The shaky first half of 2018 is officially over, with home sales and prices both edging upwards for the fifth month in a row this October, according to the Toronto Real Estate Board (TREB).
TREB reported 7,492 sales through MLS in October 2018 in the Greater Toronto Area, a 6-per-cent increase year over year. At the same time. The average property price rose 3.5 per cent to $807,340.
Less Choice for Buyers
TREB expects prices to continue to rise in the future because inventory is so low and sellers are slow to list their homes – new listings softened 2.7 per cent to just 14,431.
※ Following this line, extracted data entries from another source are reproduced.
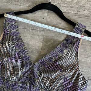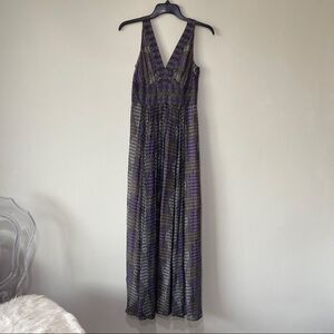 Long floor length silk maxi gown with a geometric print in dramatic shades of brown and purple with metallic gold and silver threads throughout for a shimmering effect. Rhinestones at empire bust and beading at shoulders, v neck, sleeveless, lined. Overall excellent preowned condition.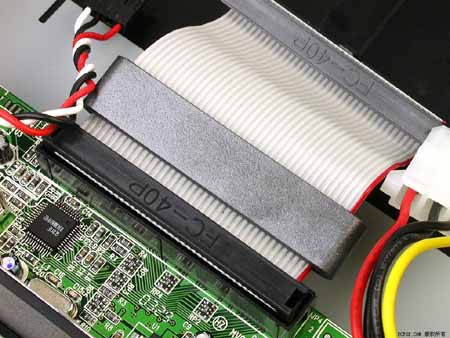 拆机的过程和看到的结果更加深了我们对这款CRE52-M的好感。由于采用了内六花螺丝,因此拆解工作略费了一番周折。CRE52-M的外壳由银灰色前框和两片黑色的盖板组成,用了4个螺丝固定,盖板接合紧密,感觉模具相当精细。拆开外壳,我们看到的是彩色印刷的铭牌和屏蔽良好的转换模块。进一步拆解之后我们可以看到,CRE52-M的转换模块做工相当精细,桥接芯片采用了GenesysLogic(创惟)的GL811E。IDE数据线上的屏蔽磁环引起了我们的注意,因为这种设计在参测的产品中绝无仅有。仔细观察我们还发现,不仅是IDE数据线,包括后部的USB 2.0接口、音频接口和电源接口也都进行了防EMI的设计??微星的良苦用心和对品质的苛求给我们留下了深刻的印象。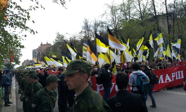 Около 50 сторонников Российской правой партии Владимира Истархова держали в руках знамена с символикой партии и скандировали антизападные и гомофобные кричалки. Активисты РОД несли растяжку «Вера! Раса! Традиция!». Затем двигалась группа из семи человек под флагом Национального союза. Ближе к концу шествия 22 человека несли гигантский имперский флаг - постоянный атрибут ультраправых мероприятий. Замыкала строй колонна «Русских».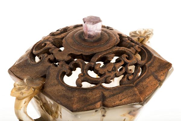 由於瑪瑙兼具瑰麗、堅硬、稀有三大特徵,自古以來被視為美麗、幸福、吉祥及富貴之代表。此杯為六瓣形制,仿如妖嬈瑰麗之花朵;左右伴花枝形雙耳。該杯身之瑪瑙之天然色澤濃鬱,具玉質感;木雕如意雲頭頂蓋及底座配紫晶鈕摘,令整器更顯華麗高貴。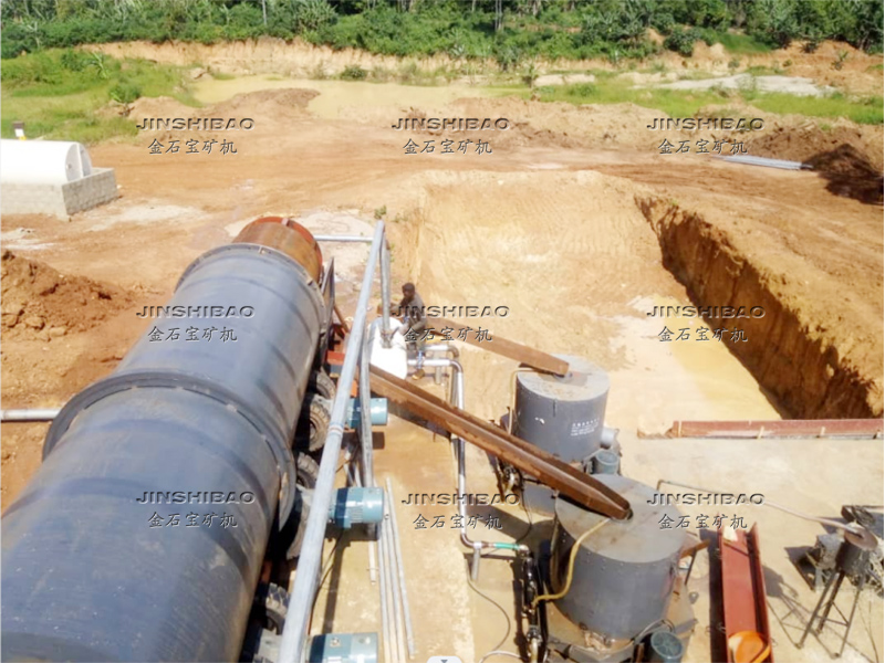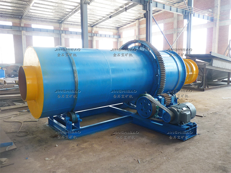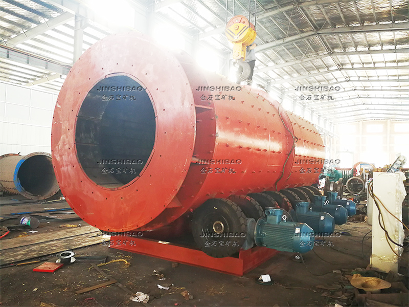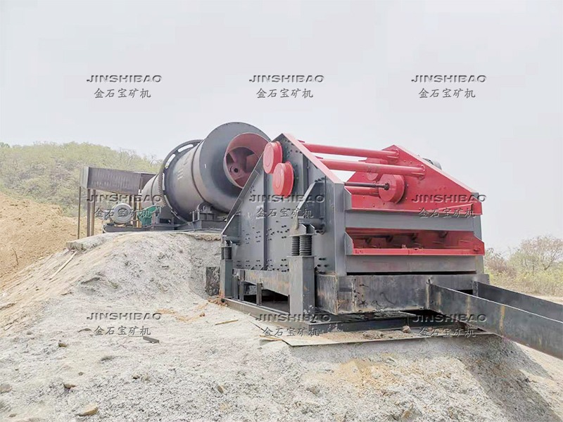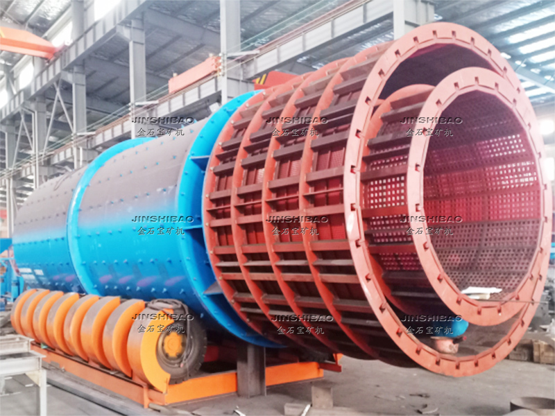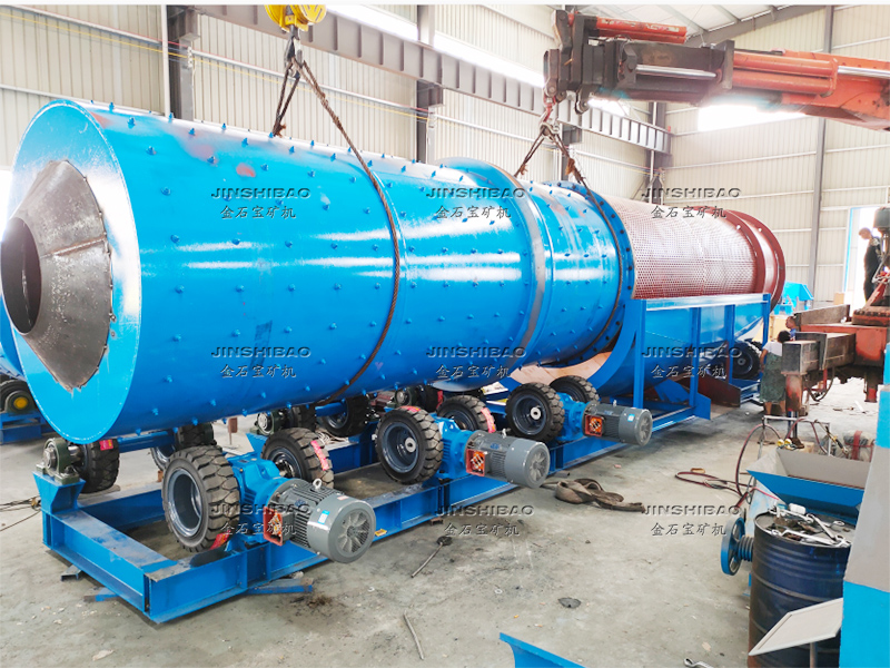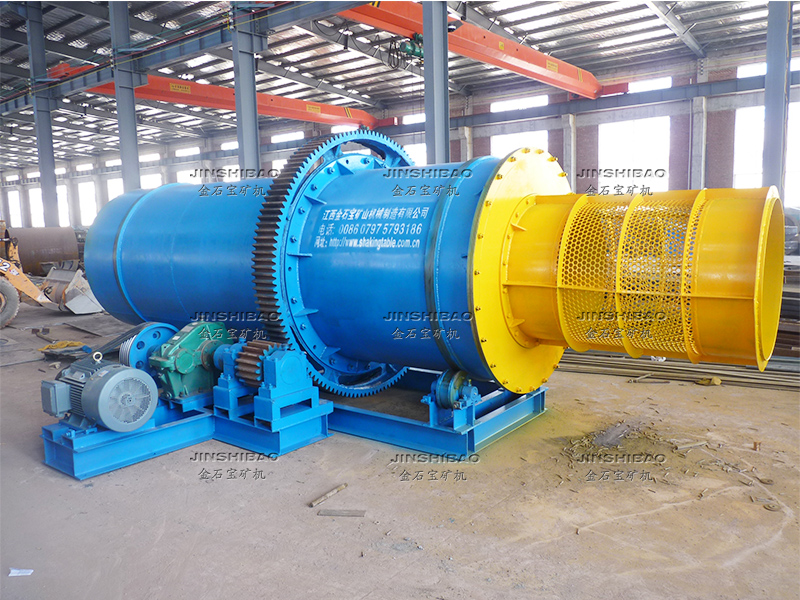 滾筒洗礦機(jī)的筒體由四個(gè)滾輪支撐,電機(jī)帶動(dòng)減速機(jī)傳動(dòng),大小齒輪帶動(dòng)清洗筒體低速旋轉(zhuǎn)。含有泥團(tuán)或石粉的物料從進(jìn)料口給入,進(jìn)入旋轉(zhuǎn)的滾筒內(nèi),清洗滾筒內(nèi)壁安裝有一定角度的攪拌葉片,同時(shí)物料不斷被帶起拋落,自進(jìn)料端到出料端移動(dòng)過(guò)程中多次循環(huán),并被順向或逆向的高壓沖洗水沖刷洗滌,清洗干凈的物料經(jīng)過(guò)尾部出料端篩分脫水后排出,從而達(dá)到洗礦、篩分、脫泥作業(yè)。

“Annual sales growth has outstripped annual growth in new listings for the last five months, underpinning the fact that listings supply remains an issue in the Greater Toronto Area,” said Jason Mercer, director of market analysis for TREB. “While the OSFI stress test and higher borrowing costs have kept sales below 2016’s record pace, many households in the Greater Toronto Area remain upbeat on home ownership as a quality long-term investment.”
Slowing Demand Remains a Risk
The only thing that may deter the Toronto’s housing market’s seemingly unstoppable rise is slowing demand. A large factor behind this is shrinking mortgage affordability, as rising interest rates squeeze buyers’ budgets.
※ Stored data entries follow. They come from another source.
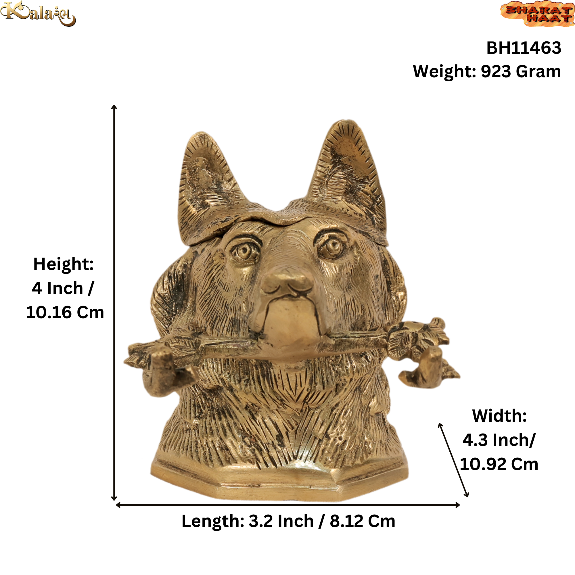 Brass Dog Ink Pot - Handcrafted Vintage Showpiece & Functional Decor | 4 Inch, 923 Gram, 1 Pc
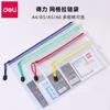 Deli 5654/5655/5656 Arquivo com zíper de grade Bolsa Armazenamento de papel de teste À prova d'água Arquivo de dados engrossado Bolsa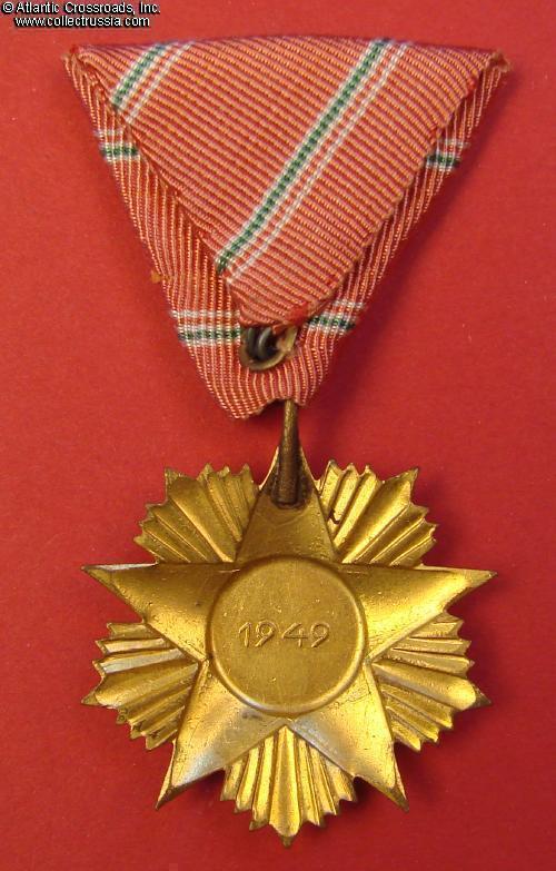 Founded 24 October 1949, the first presentation of the various degrees of the Hungarian Order of Merit appears to have been on May Day of 1950 - with a substantial share of awards going to Soviets. The various degrees of this Order were presented for less than three years. Each of the three higher classes of the award consisted of the breast star (76 mm wide for the 1st cl. and 54 mm for the 2nd and 3rd) and the medal with an additional "small decoration" badge attached to its ribbon. The 4th class came in the form of a single smaller breast star without the starburst. Lastly, the medal with a starburst (but without the "small decoration") constituted the lowest, 5th class of the order. Of the third class sets - such as the one offered here - there were only 285 ever issued.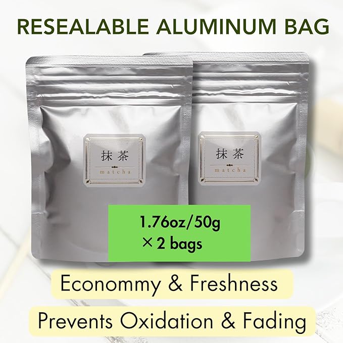 - SUPERB VALUE, OPTIMAL FRESHNESS – Each package contains 1.76oz/50g of premium ceremonial grade matcha, providing 25 servings at an affordable price, offering the highest quality Japanese ceremonial matcha for your daily enjoyment. Our matcha is carefully packaged in an airtight resealable bag to preserve its freshness, prevent oxidation, and maintain the vibrant green color, ensuring the finest matcha experience with every cup.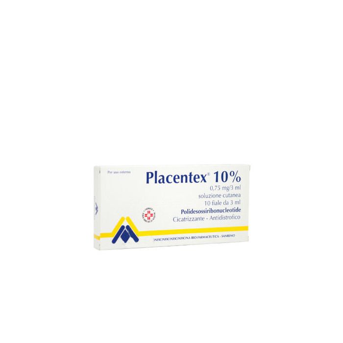 Forme Farmaceutiche per uso parenterale: PLACENTEX "5.625 mg/3 ml soluzione iniettabile" 1 fiala da 3 ml contiene: Principio Attivo: Polidesossiribonucleotide mg 5,625 PLACENTEX "2.25 mg/3 ml soluzione iniettabile" 1 fiala da 3 ml contiene: Principio Attivo: Polidesossiribonucleotide mg 2,25. Forme Farmaceutiche per uso esterno: PLACENTEX "0.08 % crema" tubo da 25 g contiene: Principio Attivo: Polidesossiribonucleotide mg 80 PLACENTEX "0.75 mg/3 ml soluzione cutanea" 1 fiala da 3 ml contiene: Principio Attivo: Polidesossiribonucleotide mg 0,75 PLACENTEX "0.75 mg/ml collirio" un flacone contagocce da 10 ml contiene: Principio Attivo: Polidesossiribonucleotide mg 7,5

The Bank of Canada has already raised rates five times since last year, with the most recent increase in October. It’s too early to see if that has had any impact on sales, but it’s unlikely seeing as borrowing rates are still below 3.5 per cent, which low compared to the historical average. However, the Bank of Canada has indicated they will continue to raise rates in the near-future. Should interest rates rise a percentage point or more that will add hundreds of dollars of extra carrying costs to a monthly mortgage that may deter buyers from purchasing (or force sellers to list).
Tougher Mortgage Hurdles to Come
OSFI, the federal banking regulator, instituted a stress test this year for just that reason: they wanted to make sure buyers could afford carrying costs even if mortgage rates rise 2 percentage points.
At the same time, it may make it almost impossible for future prospective buyers to purchase homes for sale in Toronto if interest rates rise 2 percentage points andthey have to qualify for an extra 2 percentage points on top of that.
Still, although in theory higher interest rates should reduce demand and force prices to lower, there are many ways to get around this. Many buyers, such as foreign buyers and boomers with liquid assets , can pay cash and avoid interest rates altogether and residential buyers can avoid the stress-test by borrowing from a credit union. Therefore, even higher-carrying costs likely won’t make prices drop.
One option for buyers in this situation is to leave Toronto altogether. Head to lower-priced regions with stable economic opportunities like Hamilton, or check out Kitchener real estate.
Another option is to choose high-density property like condo units, which remain the most affordable housing option at an average of $562,523 this October.
Either way, don’t hold out for a crash in the near-future because the current data only supports an escalating market.